One of the primary reasons that Hyman signed with the Edmonton Oilers as a free agent in July 2021 was because the capital of Alberta has a vibrant Jewish community. And, true to form, several months later in December 2021, he lit the first candle of Chanukah at the Giant Menorah Lighting in Edmonton with Chabad Rabbi Ari Drelich.

For the hockey-crazed city of Edmonton that lives and dies with the fortunes of its beloved Oilers team, he’s also been a good fit from a public relations perspective. A sizable media contingent hovers around the team on a daily basis and the ever poised and accountable Hyman is a go-to skater for a thoughtful postgame soundbite, win or lose. Such graciousness was on full display when Hyman met with reporters following his team’s 7-4 loss to the Maple Leafs earlier this month—his first true homecoming (Canadian rinks remained mostly vacant last year) and one in which his guys were ambushed for six goals over the final two periods.

“Going forward, you’re going to play only good teams in the playoffs and teams like Toronto who have that kind of firepower,” he noted. “And you’ve got to be able to learn how to stop momentum.
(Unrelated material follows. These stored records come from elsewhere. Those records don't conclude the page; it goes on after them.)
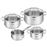 1x Caçarola de 16 cm 1,5L | 1x Tacho de 16 cm 1,5L com tampa vidro | 1x Tacho de 20 cm 2,9L com tampa vidro | 1x Tacho de 24 cm 5L com tampa de vidro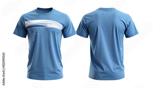 apparel, tee, shirt, clothing, blue, white, abstract, design, fabric, cotton, front, back, view, sleeve, round, neck, summer, casual attire, wear, style, fashion, plain, light, bright, clean, simple, modern, realistic, comfortable, soft, studio, isolated, textured, detail, surface, shape, shadow, graphic, product, template, close, up, polyester, activewear, activewear, exercise, athletic, performance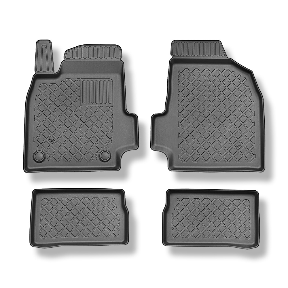 - Die Teppiche haben moderne Muster und mattes Finish. Jedes Set ist für das jeweilige Modell und Generation des Fahrzeugs bestimmt, was 100% Anpassung an den Fußboden des Autos garantiert. Im Set befinden sich auch Befestigungsclips, falls sie im jeweiligen Fahrzeugmodell vorgesehen sind.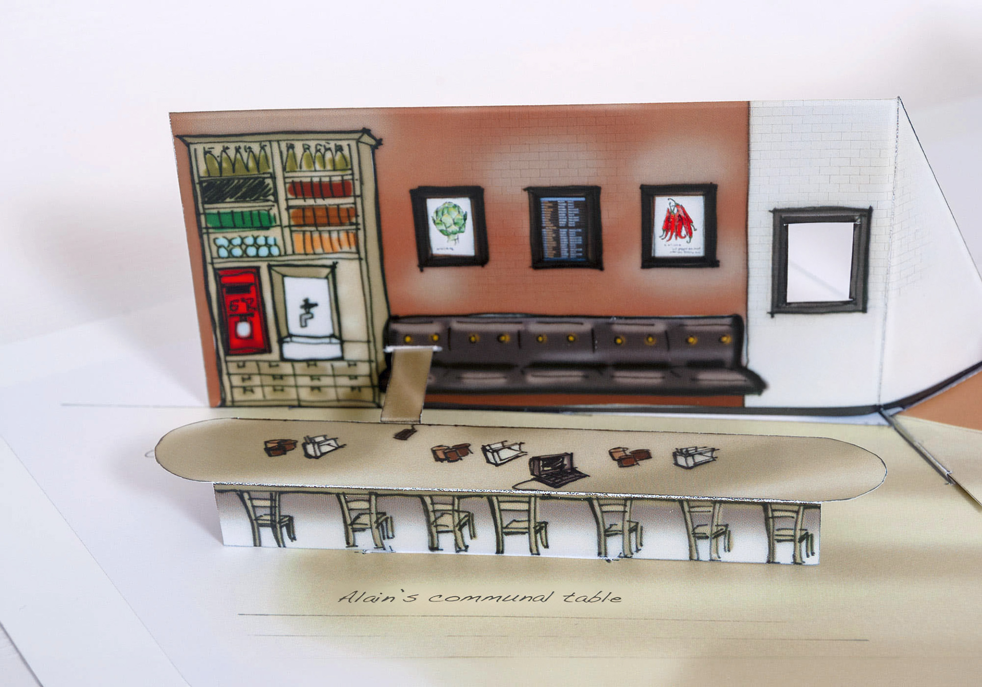 This pitch presented an opportunity for a 'bread offer' at Heathrow Terminal 2. A wooden box was crafted using their branded trays, housing two printed booklets. The first booklet, titled "Who We Are," provides an overview of Le Pain Quotidien. The second booklet, "Our Concept at T2," showcases the design proposal, featuring a pop-up presentation of the concept.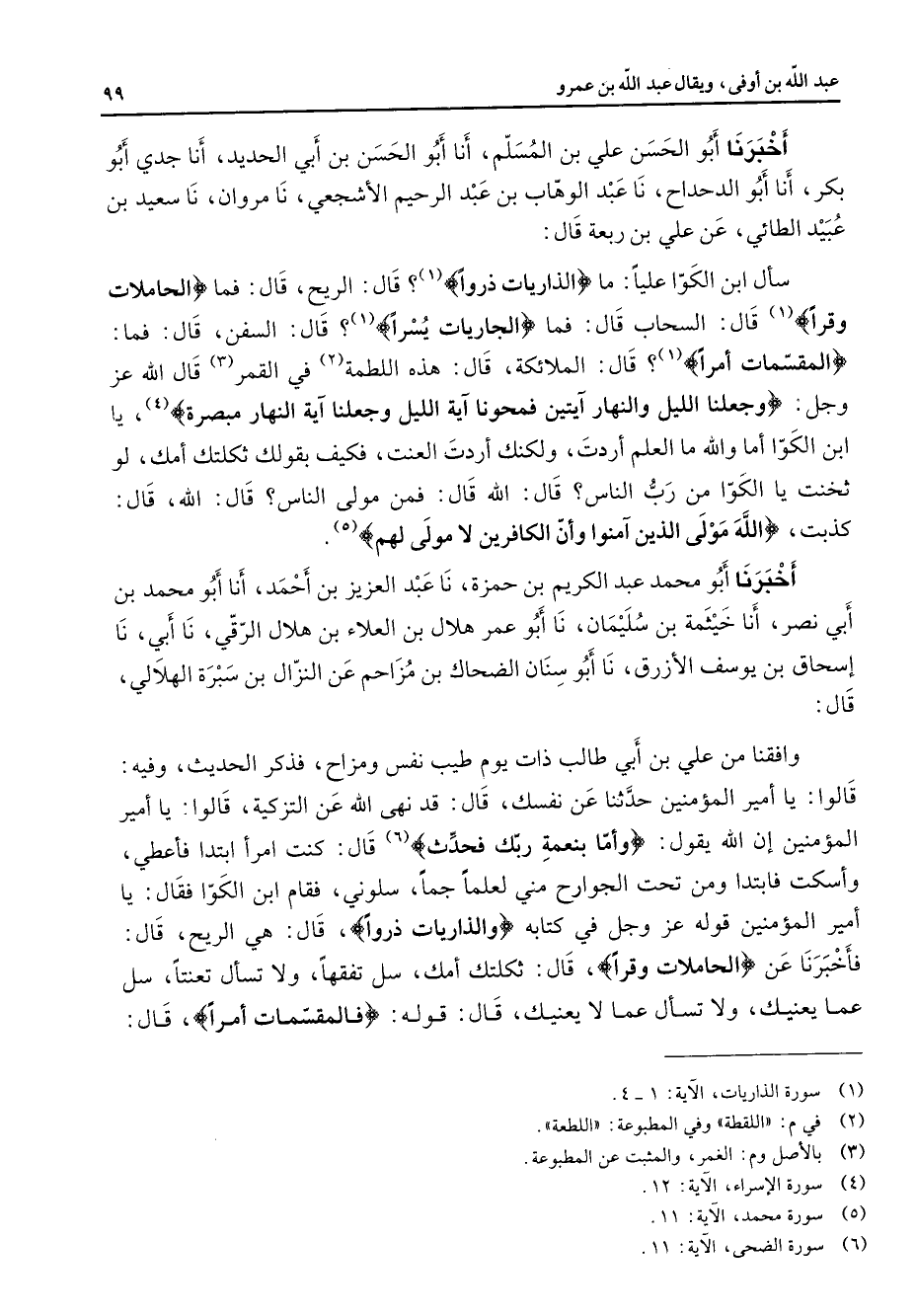 أخبرنا أبو الحسن علي بن المسلم أنا أبو الحسن بن أبي الحديد أنا جدي أبو بكر أنا أبو الدحداح نا عبد الوهاب بن عبد الرحيم الأشجعي نا مروان نا سعيد بن عبيد الطائي عن علي بن ربعة قال سأل ابن الكوا عليا ما " الذاريا ت ذروا " (1) قال الريح قال فما " الحاملات وقرا " (1) قال السحاب قال فما " الجاريا ت يسرا " (1) قال السفن قال فما " المقسمات أمرا " (1) قال الملائكة قال هذه اللطمة (2) في القمر (3) قال الله عز وجل " وجعلنا الليل والنهار آيتين فمحونا آية الليل وجعلنا آية النهار مبصرة " (4) يا ابن الكوا أما والله ما العلم اردت ولكنك أردت العنت فكيف بقولك ثكلتك أمك لو ثخنت يا الكوا من رب الناس قال الله قال فممولى الناس قال الله قال كذبت " الله مولى الذين آمنوا وأن الكافرين لا مولى لهم " (5) أخبرنا أبو محمد عبد الكريم بن حمزة نا عبد العزيز بن أحمد أنا أبو محمد بن أبي نصر أناخيثمة بن سليمان نا أبو عمر هلال بن العلاء بن هلال الرقي نا أبي نا إسحاق بن يوسف الأزرق نا أبو سنان الضحاك بن مزاحم عن النزال بن سبرة الهلالي قال وافقنا من علي بن أبي طالب ذات يوم طيب نفس ومزاح فذكر الحديث وفيه قالوا يا أمير المؤمنين حدثنا عن نفسك قال قد نهى الله عن التزكية قالوا يا أمير المؤمنين إن الله يقول " وأما بنعمة ربك فحدث " (6) قال كنت امرأ ابتدا فأعطي وأسكت فابتدا ومن تحت الجوارح مني لعلما جما سلوني فقام ابن الكوا فقال يا أمير المؤمنين قوله عز وجل في كتابه " والذاريات ذروا " قال هي الريح قال فأخبرناعن " الحاملات وقرا " قال ثكلتك أمك سل تفقها ولا تسأل تعنتا سل عما يعنيك ولا تسأل عما لا يعنيك قال قوله " فالمقسمات أمرا " قال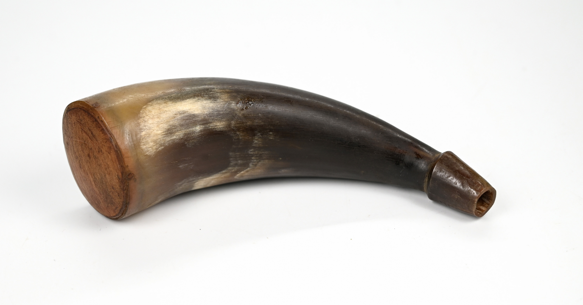 This horn dates roughly 1820-1850. It is a plain, working powder horn only about 5 ¼ inches long, a size sometimes thought to be just for priming powder for a flintlock, but convenient enough to be carried in a hunting bag or pouch by farmer not out for a hunting expedition or day of sport, but out to bag something for dinner and not about to waste powder doing it.
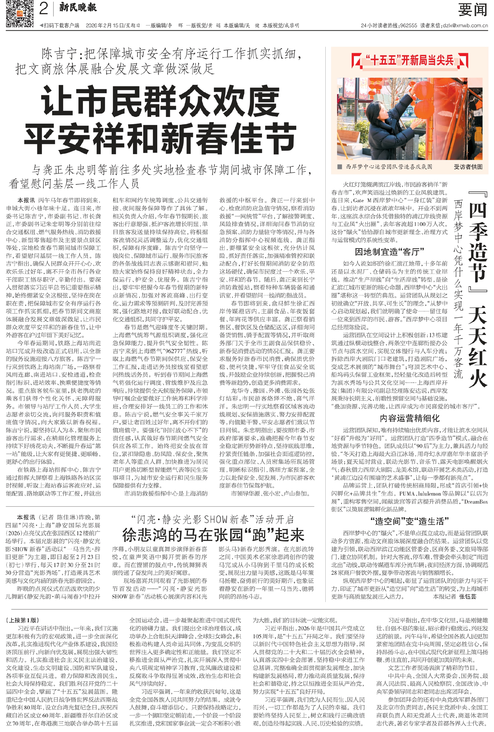 本报讯 丙午马年春节即将到来,申城大街小巷年味十足。连日来,市委书记陈吉宁,市委副书记、市长龚正,市委副书记朱忠明等分别前往综合交通枢纽、燃气服务热线、消防救援中心、新型零售超市及主要景点景区等处,实地检查春节期间城市保障工作,看望慰问基层一线工作人员。陈吉宁指出,确保人民群众开开心心、欢欢乐乐过好年,离不开全市各行各业干部职工恪尽职守、辛勤付出。要深入贯彻落实习近平总书记重要指示精神,始终绷紧安全这根弦,坚持在岗在职在责,把保障城市安全有序运行各项工作抓实抓细,把春节期间文商旅体展融合发展文章做深做足,让市民群众欢度平安祥和的新春佳节,让中外游客在沪过年留下美好记忆。

You’ve got to be able to find a way to stop the bleeding and to find your game again, especially in a building that’s excited about the game.”
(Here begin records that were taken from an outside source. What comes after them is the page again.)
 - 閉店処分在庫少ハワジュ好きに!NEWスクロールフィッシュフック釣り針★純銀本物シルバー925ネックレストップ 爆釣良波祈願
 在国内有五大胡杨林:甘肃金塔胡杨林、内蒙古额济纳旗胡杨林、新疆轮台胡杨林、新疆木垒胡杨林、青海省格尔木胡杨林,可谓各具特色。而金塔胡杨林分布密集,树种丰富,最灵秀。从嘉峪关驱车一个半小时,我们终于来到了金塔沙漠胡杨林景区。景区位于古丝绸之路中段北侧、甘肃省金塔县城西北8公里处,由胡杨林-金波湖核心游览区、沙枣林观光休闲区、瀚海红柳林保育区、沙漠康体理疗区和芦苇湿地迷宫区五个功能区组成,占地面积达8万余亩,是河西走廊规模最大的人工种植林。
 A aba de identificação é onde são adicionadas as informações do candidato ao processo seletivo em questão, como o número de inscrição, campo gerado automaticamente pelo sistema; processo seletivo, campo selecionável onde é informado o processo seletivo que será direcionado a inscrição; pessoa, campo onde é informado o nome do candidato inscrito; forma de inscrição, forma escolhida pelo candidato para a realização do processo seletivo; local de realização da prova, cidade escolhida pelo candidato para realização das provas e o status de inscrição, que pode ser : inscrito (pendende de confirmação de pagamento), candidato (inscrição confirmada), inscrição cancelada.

After this season, Hyman’s got five years remaining on the seven-year, $38.5 million contract he signed in summer 2021, one that’s looking like a nifty team-friendly bargain at this hour. The deal was structured in such a way that the Oilers will have the flexibility to buyout its final two years when Hyman hits his mid-30s—a time when many a hockey player starts breaking down from years of jolting mid-ice collisions and bone-shattering forechecks. But at this point, it’s hard to imagine the Oilers brass going in that direction.

“Zach is a Swiss Army knife type of player,” said Edmonton head coach Jay Woodcroft. “He’s good on the wall. He’s a foxhole and trenches type player. Someone who takes pride in the little details in his game. He goes to hard places. He does work for other people. He’s integral to everything we have going on right now here with our team in Edmonton.”